Ian J. Gilbert, Andrew P. Chen, Daniel B. Gopman, Andrew L. Balk, Daniel T. Pierce, Mark D. Stiles, John Unguris


We use scanning electron microscopy with polarization analysis (SEMPA) to image deterministic, spin-orbit torque driven magnetization reversal of in-plane magnetized CoFeB rectangles in zero applied magnetic field. The spin-orbit torque is generated by running a current through heavy metal microstrips, either Pt or Ta, upon which the CoFeB rectangles are deposited. We image the magnetization before and after a current pulse to see the effect of spin-orbit torque on the magnetic nanostructure. The observed changes in magnetic structure can be complex, deviating significantly from a simple macrospin approximation, especially in larger elements. Overall, however, the directions of the magnetization reversal in the Pt and Ta devices are opposite, consistent with the opposite signs of the spin Hall angles of these materials.
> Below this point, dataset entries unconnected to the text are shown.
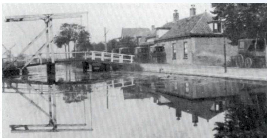
Oud Ade tijdens de hoogmis. Koetsjes (of kapwagens zoals ze ook genoemd werden) waarmee de boeren die verder weg wonen naar de kerk zijn gekomen, staan geparkeerd vóór en naast het café. De paarden staan beneden in de uitspanning. Een kapwagen was een praktisch vervoermiddel in die tijd maar ook een prestige-object. In de bloeitijd stonden er 's zondags wel zo'n tien kapwagens bij het café (ca. 1940-1945).

De bus uit Leiden stopte in die tijd pal voor het café. Als het regende konden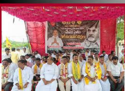
కమలాపురంలో టీడీపీ నేతల రిలే నిరాహార దీక్ష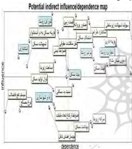
شکل ۴. روابط بین بازیگران و اهداف

است. در بخش چهارم، بازیگران مغلوب قرار دارند که در این تحقیق هیچ بازیگری در این قسمت قرار نگرفته است. این عامل نشان می‌دهد که در امر برنامه‌ریزی مسکن روستایی و مدیریت توسعه روستا، تمامی بازیگران و کنشگران، نقش فعالی دارند و به نوعی در فرایند توسعه روستایی تأثیرگذار هستند. در این رابطه شاخص‌های «نسبت بد مسکنی، بهداشت مسکن و سرانه زیربنا» در بخش مغلوب قرار دارند. پیشران‌های این بخش تحت تأثیر مؤلفه‌ها و بازیگران دیگر به‌ویژه بنیاد مسکن انقلاب اسلامی، دهیاری روستا و ساکنین روستا نتوانسته‌اند، تأثیر قابل توجهی در ساماندهی و توسعه مسکن مطلوب روستایی داشته باشند.

Our results elucidate the effects of current density, geometry, and magnetic domain structure on magnetization switching driven by spin-orbit torque.
Physical Review B


spin-orbit torque, spin Hall effect, nanomagnetism, spintronics, SEMPA, magnetic microscopy


Gilbert, I. , Chen, A. , Gopman, D. , Balk, A. , Pierce, D. , Stiles, M. and Unguris, J. (2016), Nanoscale imaging of magnetization reversal driven by spin-orbit torque, Physical Review B, [online], (Accessed July 24, 2024)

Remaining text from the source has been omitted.